Purple carrots, raspberry bushes and a bounty of schoolyard-grown vegetables are sprouting up around the nation. Edible schoolyards are teaching children about sustainability, nutrition and the fun of growing, cooking and eating their own food. As more of these gardens germinate from an idea to a full fledged classroom, children learn about wholesome food choices — helping to curb childhood obesity.
The blossoming of garden classrooms
Instead of sitting in front of video games munching on potato chips, students at Columbia Heights Grammar School in Minnesota grow their own organic fruits and vegetables. The garden curriculum includes composting, sowing, tending the plots and savoring the harvest through educational cooking experiments. Everyone participates. Zach Carter, age seven, plucks a raspberry from the bush and exclaims, “It tastes like a strawberry, but not like a strawberry. I never ate one before.” This sense of discovery is an important part of the program, teaching kids that real food is not found prepackaged in the grocery store.
Teachers use a kitchen classroom to take the gardening project a step further. Using only ripe produce from the school garden, simple recipes are prepared and enjoyed by the students. An example is a vegetable soup created by Kristen Stuenkel and her summer class. According to Stuenkel in the article Schoolyard gardens grow, “The kids were amazed. One young man didn’t even want to try it, but those that tried it had seconds or even thirds.”
Hands-on gardening and cooking curricula are growing in the U.S. and abroad. The Edible Schoolyard Project, started by Chef Alice Waters in Berkeley, California, has helped over 40,000 individuals create, maintain and enjoy sustainable community gardens and learning kitchens. Through a social website, the public can now have access to the project’s resources. The program has even linked up with similar projects in Denmark, China and New Zealand. As noted by journalist Tamir Elterman in the New York Times, “The project is lauded for its role in combating childhood obesity and promoting health education over all.”
As an Edible Schoolyard supported learning kitchen, Common Threads is making strides with nutrition education for children. According to the program coordinator Stephanie Folkens, Common Threads is on a mission “to educate children about their nutritional and physical well-being through our free, hands-on cooking programs.” The class begins with the chef instructor discussing nutrition and the importance of staying physically fit. Next, the students participate in cooking activities that focus on food from different cultures. The program offers cooking and culinary garden classes along with summer camps.

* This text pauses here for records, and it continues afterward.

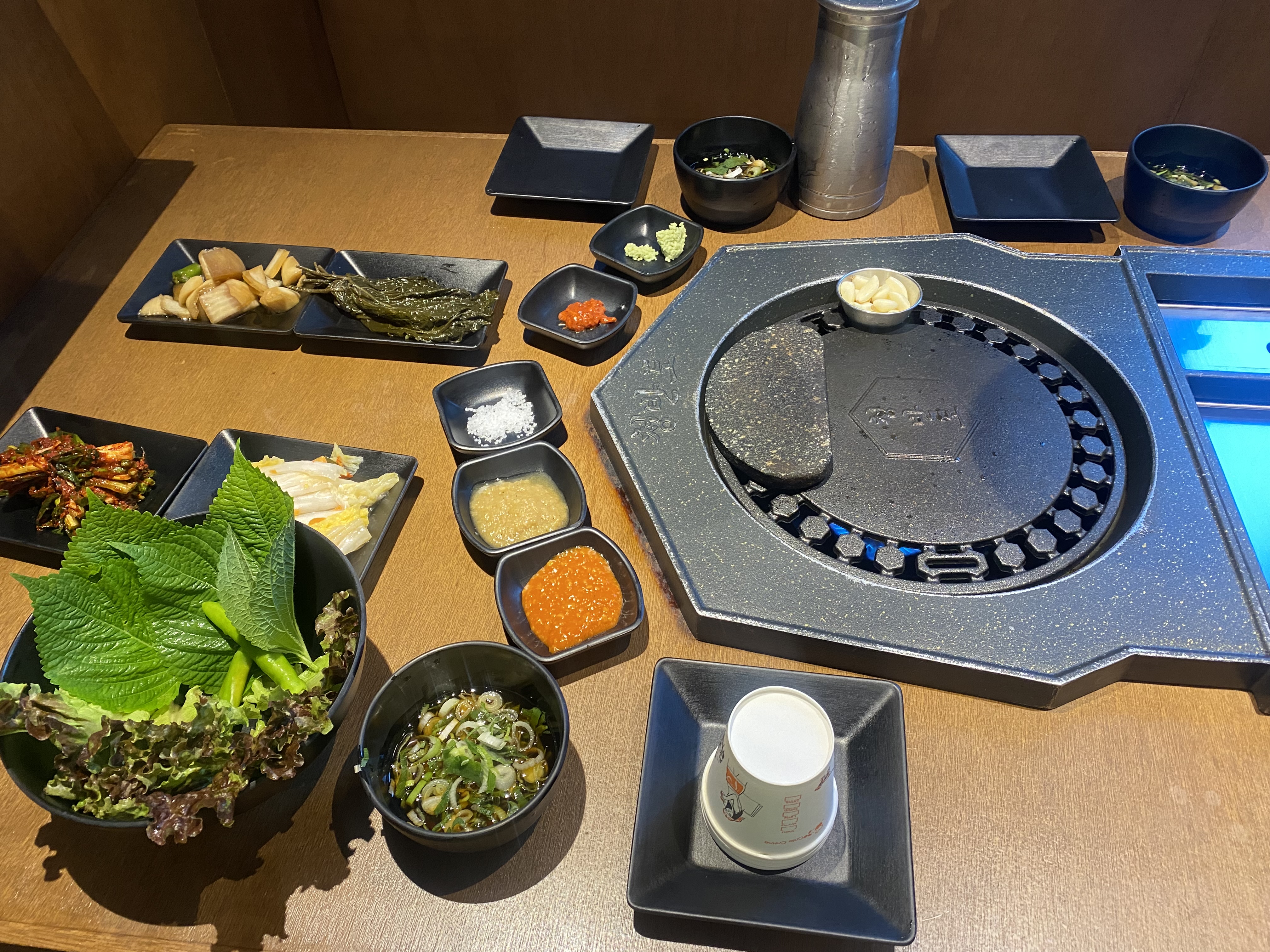 특이한 불판에 알차게 기본 찬들이 셋팅됩니다.
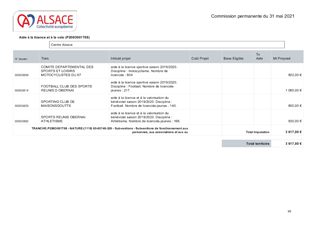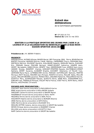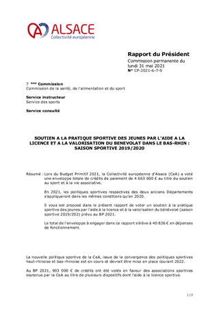 Lors du Budget Primitif 2021, la Collectivité européenne d’Alsace (CeA) a voté une enveloppe totale de crédits de paiement de 4 663 600 € au titre du soutien au sport et à la vie associative. En 2021, les politiques sportives respectives des deux anciens Départements s’appliqueront dans les mêmes conditions qu’en 2020. Il vous est proposé dans le présent rapport de voter un soutien à la pratique sportive des jeunes par l'aide à la licence et à la valorisation du bénévolat (saison sportive 2019/202) prévu au BP 2021. Le total de l'enveloppe à engager dans ce rapport s'élève à 40 826 € en dépenses de fonctionnement.
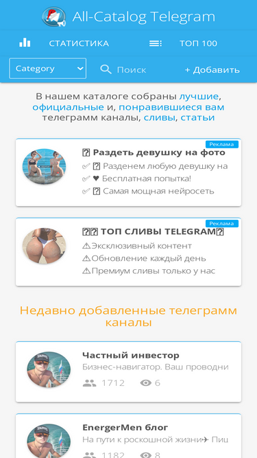 87%Топ самых популярных Telegram каналов представлены на нашем сайте. • Добавить телеграм канал. Телеграм каналы. История. В каталоге каналов all-catalog.ru собраны лучшие телеграм-каналы России, Украины, Казахстана, Узбекистана.
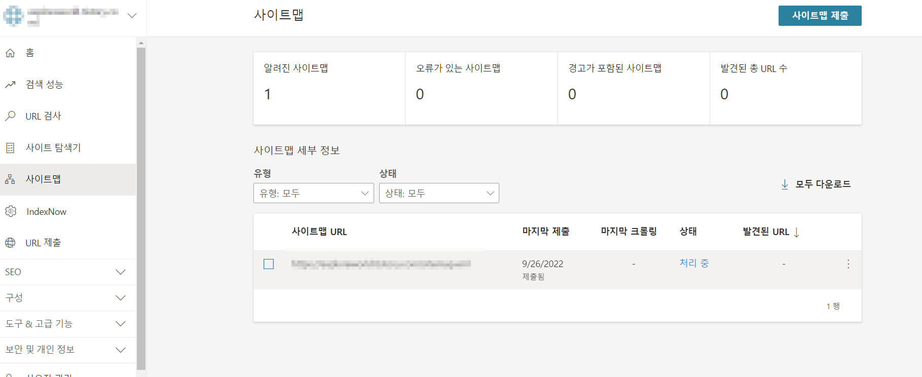 그리고 마지막으로 Sitemap을 추가하여 줍니다. 좌측 사이트맵 클릭후 사이트맵 제출 클릭
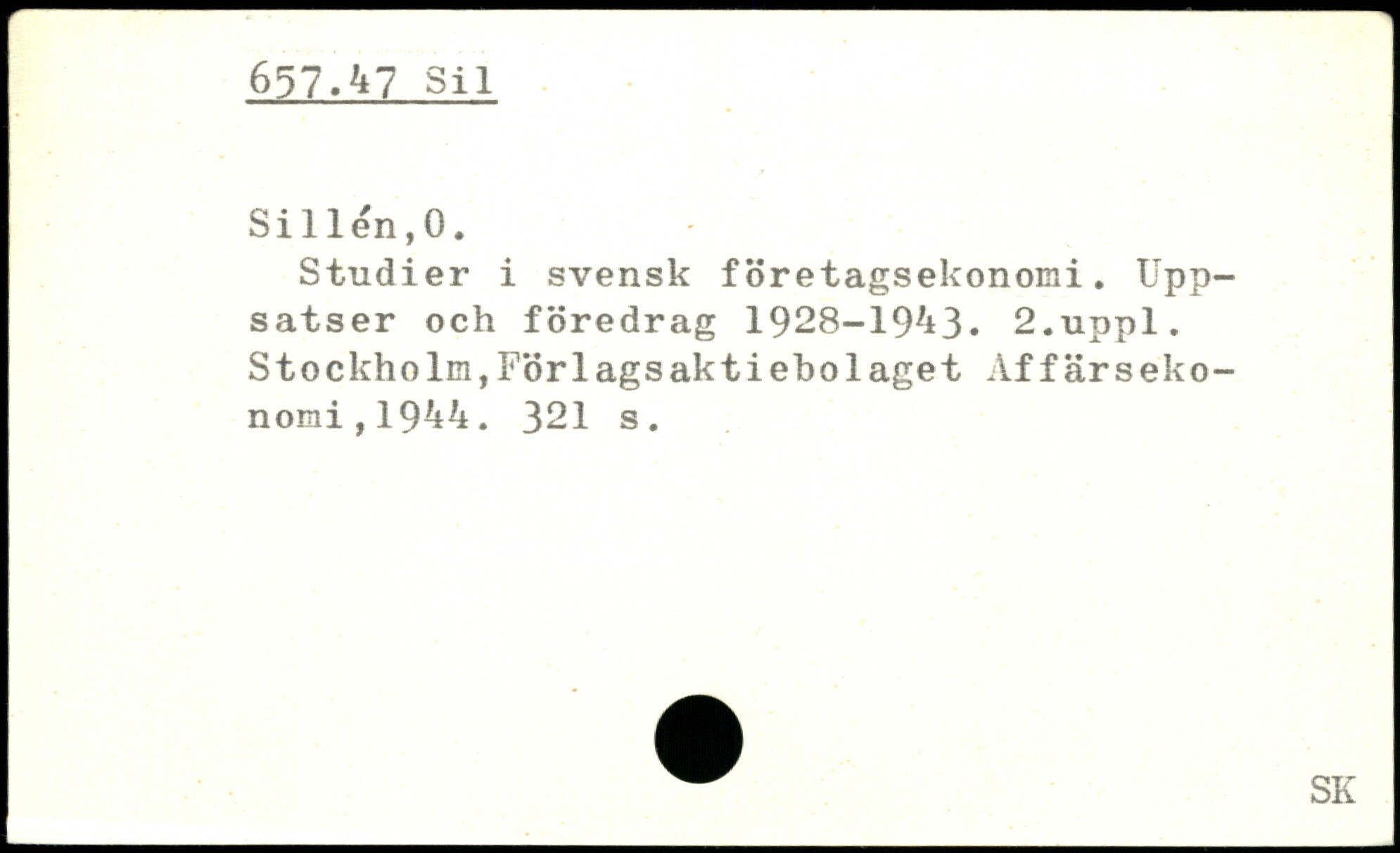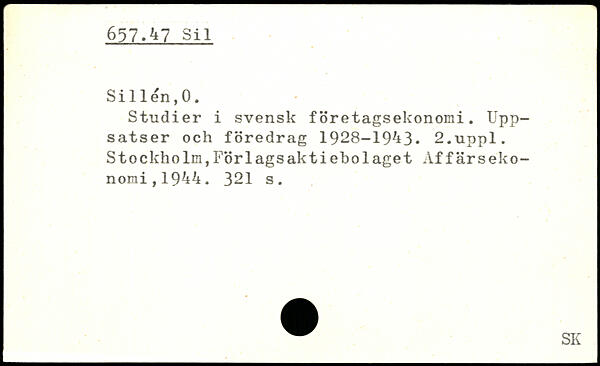 Studier i svensk företagsekonomi. Uppsatser och föredrag 1928-1943.
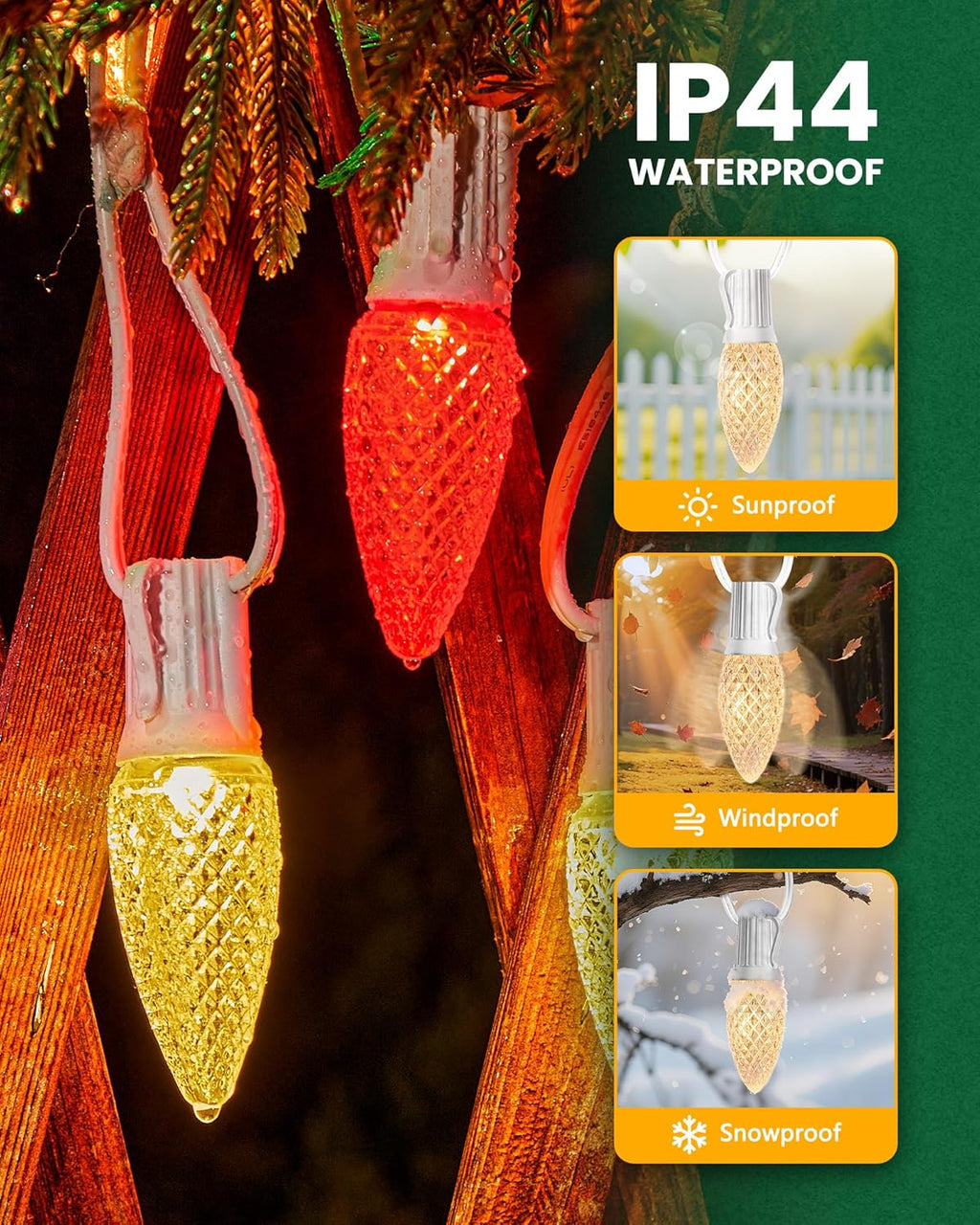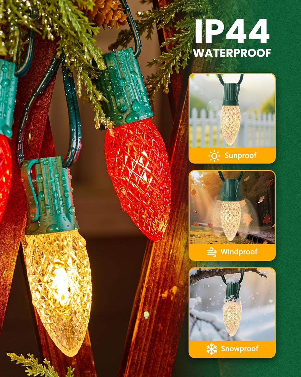 【Waterproof Design】Engineered to withstand harsh weather conditions, these C9 light strings deliver reliable indoor and outdoor performance across multiple seasons. Perfect decoration ideal for terraces, courtyards, gardens, cafes, fences, bushes, balconies, stairways, Christmas trees, and more.
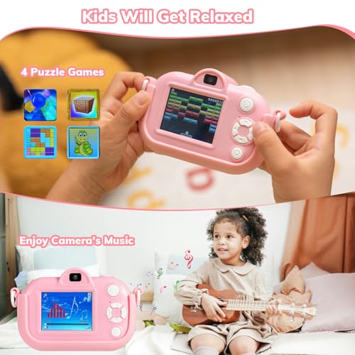 - Built-in Puzzle Games and Music. Kids Will Get Relaxed: Specially designed with Puzzle Games and Music Player functions. your child will have more fun with the kids camera. The built-in 4 puzzle games could help to enhance kids’ thinking ability and intelligence development when they are tired of taking photos. Moreover. you could download music or story from your computer to the kid camera via Micro-USB cable included. your kids will enjoy the music or story when they are sleeping
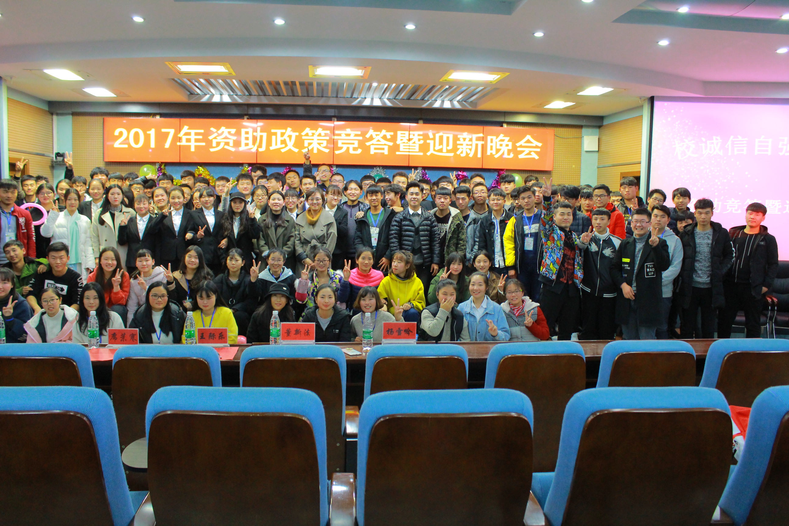 我校诚信自强联合会于2017年11月25日在3号实训楼学术报告厅成功举办2017年资助政策竞答暨迎新晚会。出席此次活动的有学生资助管理中心科长董新法老师、学生资助管理中心杨雪吟老师、校诚信自强联合会主席王际乐、校自律会主席席茉寒、各院系学生资助助理及诚信自强联合会全体委员。
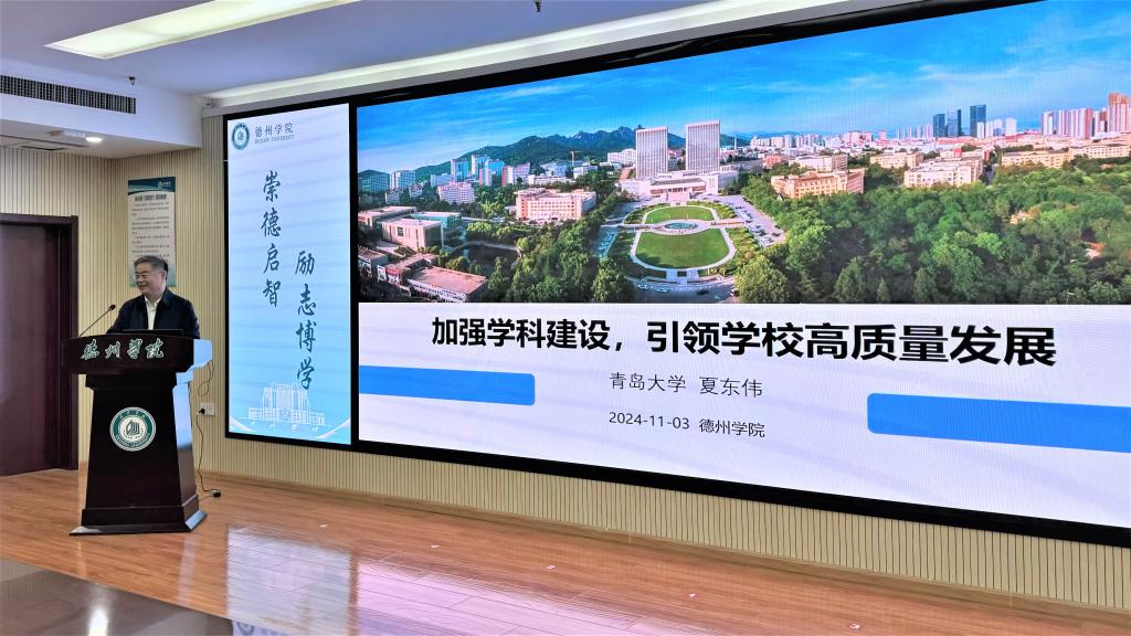 为强化二级学院学科建设主体地位,掌握学科建设规律,借鉴先进高校学科建设经验,发挥好学科建设龙头作用,引领学校高质量发展。11月3日上午,学校邀请中国高等教育学会第七届理事会常务理事、全国高校教学研究会常务理事、山东省学位与研究生教育学会副会长、青岛大学原校长夏东伟教授来校作《加强学科建设,引领学校高质量发展》的专题报告。会议由党委副书记、校长赵长林主持。

In closing, Waters observes:
“We’re losing the values we learned from our parents when we sat around our family table, when we lived closer to the land and communicated. The way children are eating now is teaching them about disposability, about sameness, about fast, cheap and easy. They learn that work is to be avoided, that preparation is drudgery.”
By embodying the ‘seed to table’ philosophy with edible schoolyards, children participate in the solution — learning about slow food, ecology and nutrition as well as the value of meaningful work, quality of life and connection.